4. Dictionary of American Slang, Wentworth and Flexner, Thomas Y. Crowell Co., 1960.

*NOTE-These are standard reference volumes used in our editorial offices. We urge all authors to have copies of at least the first two, as our critiques may refer to information therein. 20,000 Words contains a section entitled “Punctuation Simplified” (pages 237-247), which is an invaluable guide.

B. Additional notes on punctuation and style

1. Brand Names: Avoid, otherwise watch spelling and caps, especially Coke (Coca-Cola), Jell-O, Levi’s (note apostrophe), Technicolor. But: diesel, quonset.
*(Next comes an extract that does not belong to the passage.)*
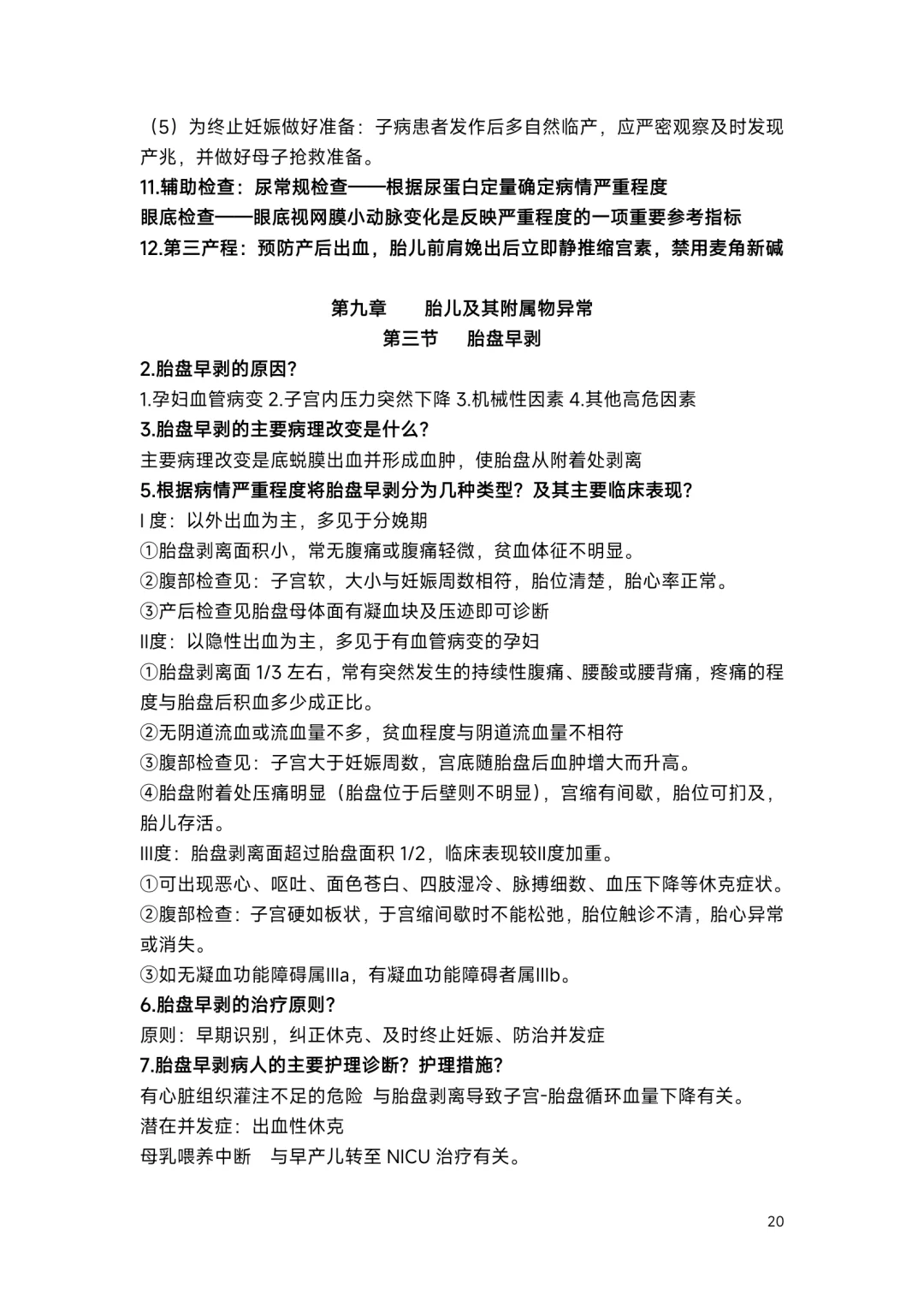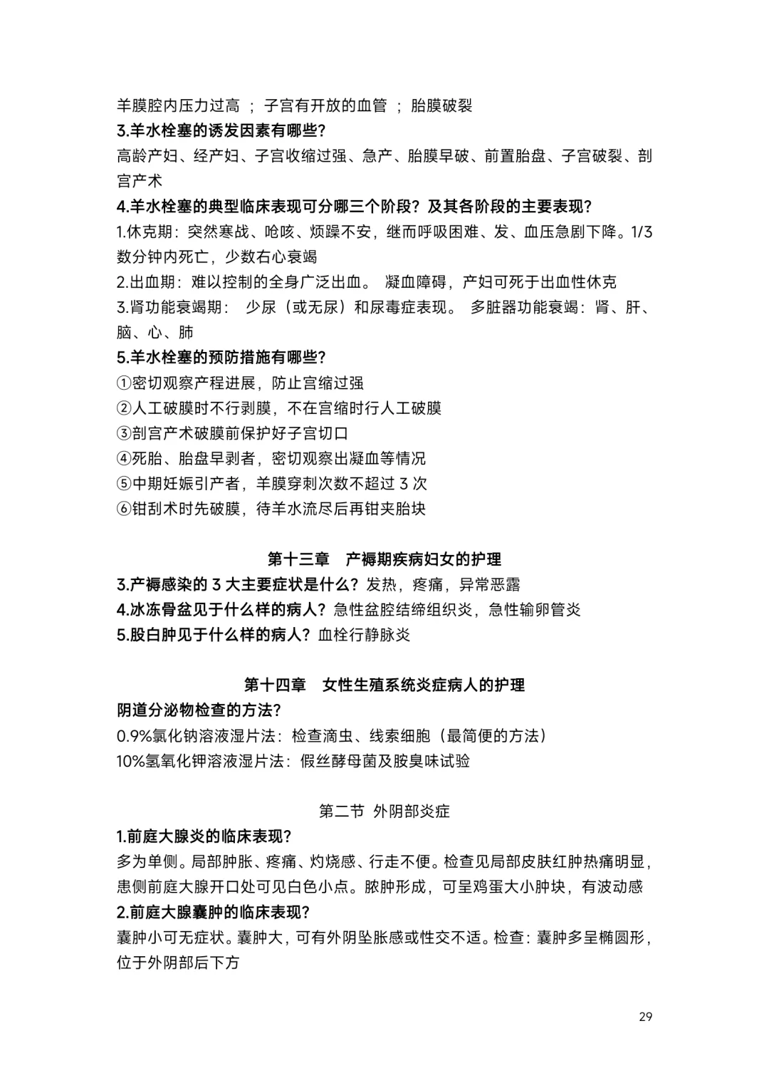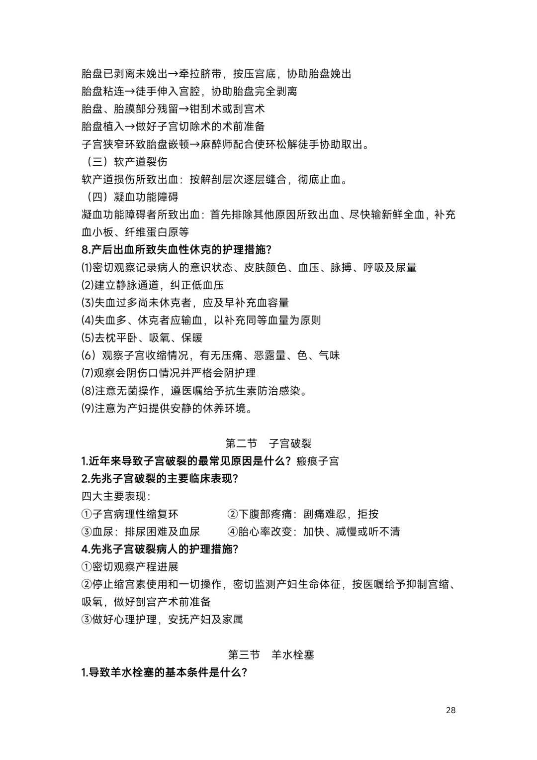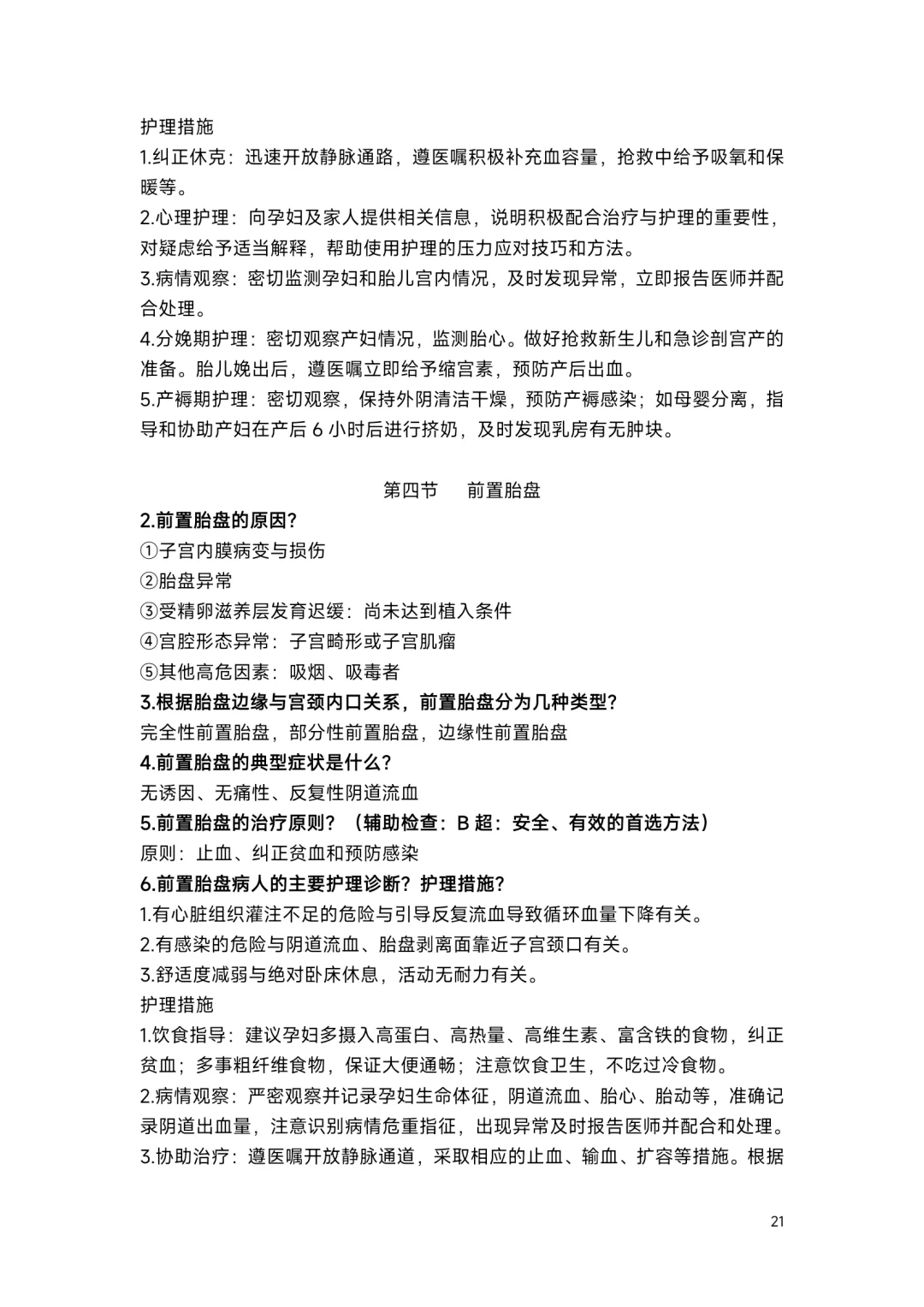 妇产科护理学 妇产科学 护理事业编 护理 知识点总结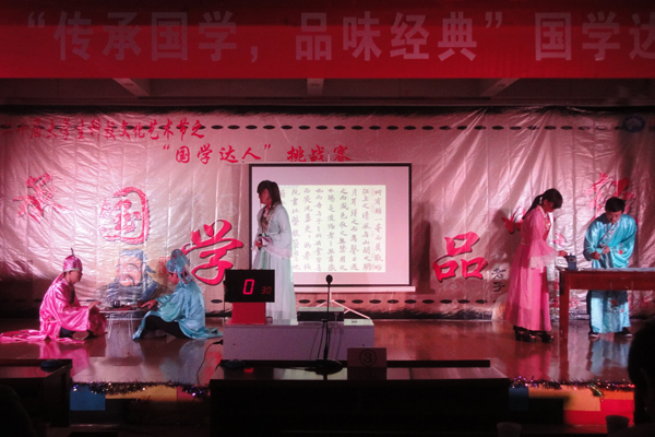 为深入贯彻学习习近平总书记系列重要讲话精神,激励青年学生继承和弘扬中华优秀传统文化,切实践行社会主义核心价值观,6月2日晚,由校团委主办、药学院承办的“传承国学,品味经典”国学达人挑战赛在日照校区一楼多功能厅举行。日照校区300余名师生观看了本次比赛。

2. Capitalization: Generally, “down” style-a.m., p.m., summer, winter, etc.; the lieutenant (but Lieutenant Jones), the homicide division, the city, the state, the Taft building. If in doubt, check the ACD.

3. Commas and semicolons:
a. Read carefully pages 237-245 of 20,000 Words, with particular attention to the sections on apposition and nonrestrictive expressions.
b. In dialogue sequences, a comma must be used to separate attribution from following action (“Good-bye,” he said, and left), except in subordinate form (“Good-bye,” he said as he left).
c. Terms of address are always set off by commas, before and after.
“Henry, I wish you wouldn’t do that.”
“I asked you not to do that, dear.”
“Damn it, Henry, stop that right now!”

4. Dashes: Use two hyphens, no spacing in or around. (I think we-watch out!)
Indicates radical interruption: parenthetical interjection, midsentence thought shift, interrupted dialogue.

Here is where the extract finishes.